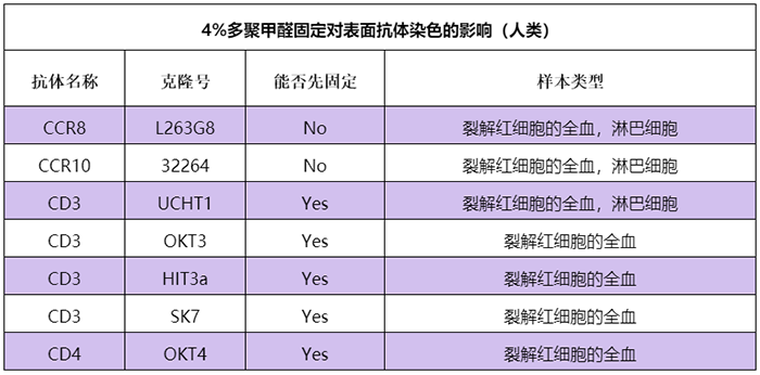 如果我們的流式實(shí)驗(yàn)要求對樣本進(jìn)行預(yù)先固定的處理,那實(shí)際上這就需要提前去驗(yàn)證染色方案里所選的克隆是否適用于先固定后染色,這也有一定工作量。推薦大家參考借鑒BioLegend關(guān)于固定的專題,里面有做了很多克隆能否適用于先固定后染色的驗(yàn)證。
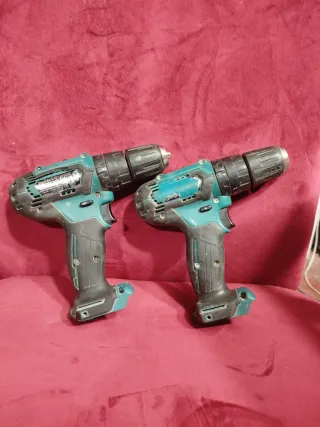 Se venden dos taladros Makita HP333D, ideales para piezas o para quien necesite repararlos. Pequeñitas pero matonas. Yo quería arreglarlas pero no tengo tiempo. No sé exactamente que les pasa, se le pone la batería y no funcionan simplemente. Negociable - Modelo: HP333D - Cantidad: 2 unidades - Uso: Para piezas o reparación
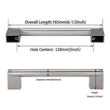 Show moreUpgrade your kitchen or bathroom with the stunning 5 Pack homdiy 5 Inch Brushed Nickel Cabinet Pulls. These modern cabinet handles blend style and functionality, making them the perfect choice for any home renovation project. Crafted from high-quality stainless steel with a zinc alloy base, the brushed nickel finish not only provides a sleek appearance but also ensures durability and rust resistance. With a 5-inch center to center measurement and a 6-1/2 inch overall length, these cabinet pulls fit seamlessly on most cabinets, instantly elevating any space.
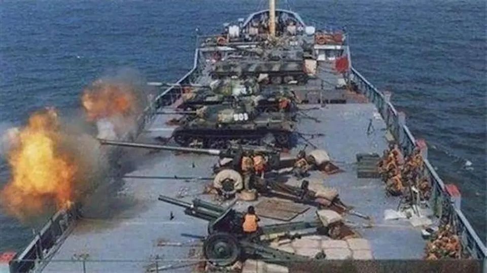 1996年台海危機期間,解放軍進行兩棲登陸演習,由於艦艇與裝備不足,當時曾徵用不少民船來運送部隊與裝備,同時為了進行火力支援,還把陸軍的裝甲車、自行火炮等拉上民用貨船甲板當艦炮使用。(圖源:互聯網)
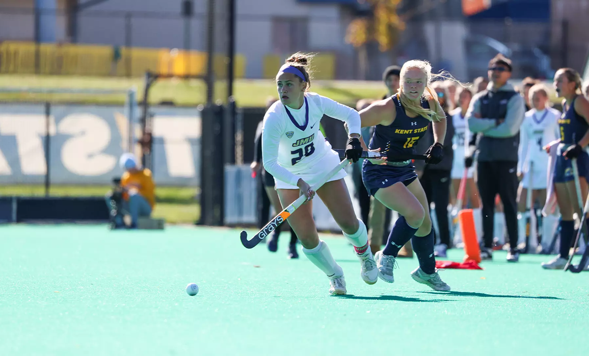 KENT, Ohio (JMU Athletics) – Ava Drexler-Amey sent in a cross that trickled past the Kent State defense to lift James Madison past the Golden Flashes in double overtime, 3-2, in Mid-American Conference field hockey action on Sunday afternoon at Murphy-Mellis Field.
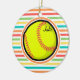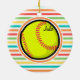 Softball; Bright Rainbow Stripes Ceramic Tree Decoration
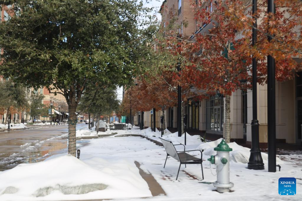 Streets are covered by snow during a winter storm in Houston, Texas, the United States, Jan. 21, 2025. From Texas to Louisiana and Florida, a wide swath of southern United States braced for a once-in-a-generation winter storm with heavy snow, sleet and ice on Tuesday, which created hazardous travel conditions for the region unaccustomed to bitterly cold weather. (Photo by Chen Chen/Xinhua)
□ □ □ □ □
# YOUR ASSIGNMENT
Retype each line above exactly. Leave the images out.

# RESPONSE AREA
 如果我們的流式實(shí)驗(yàn)要求對樣本進(jìn)行預(yù)先固定的處理,那實(shí)際上這就需要提前去驗(yàn)證染色方案里所選的克隆是否適用于先固定后染色,這也有一定工作量。推薦大家參考借鑒BioLegend關(guān)于固定的專題,里面有做了很多克隆能否適用于先固定后染色的驗(yàn)證。
 Se venden dos taladros Makita HP333D, ideales para piezas o para quien necesite repararlos. Pequeñitas pero matonas. Yo quería arreglarlas pero no tengo tiempo. No sé exactamente que les pasa, se le pone la batería y no funcionan simplemente. Negociable - Modelo: HP333D - Cantidad: 2 unidades - Uso: Para piezas o reparación
 Show moreUpgrade your kitchen or bathroom with the stunning 5 Pack homdiy 5 Inch Brushed Nickel Cabinet Pulls. These modern cabinet handles blend style and functionality, making them the perfect choice for any home renovation project. Crafted from high-quality stainless steel with a zinc alloy base, the brushed nickel finish not only provides a sleek appearance but also ensures durability and rust resistance. With a 5-inch center to center measurement and a 6-1/2 inch overall length, these cabinet pulls fit seamlessly on most cabinets, instantly elevating any space.
 1996年台海危機期間,解放軍進行兩棲登陸演習,由於艦艇與裝備不足,當時曾徵用不少民船來運送部隊與裝備,同時為了進行火力支援,還把陸軍的裝甲車、自行火炮等拉上民用貨船甲板當艦炮使用。(圖源:互聯網)
 KENT, Ohio (JMU Athletics) – Ava Drexler-Amey sent in a cross that trickled past the Kent State defense to lift James Madison past the Golden Flashes in double overtime, 3-2, in Mid-American Conference field hockey action on Sunday afternoon at Murphy-Mellis Field.
 Softball; Bright Rainbow Stripes Ceramic Tree Decoration
 Streets are covered by snow during a winter storm in Houston, Texas, the United States, Jan. 21, 2025. From Texas to Louisiana and Florida, a wide swath of southern United States braced for a once-in-a-generation winter storm with heavy snow, sleet and ice on Tuesday, which created hazardous travel conditions for the region unaccustomed to bitterly cold weather. (Photo by Chen Chen/Xinhua)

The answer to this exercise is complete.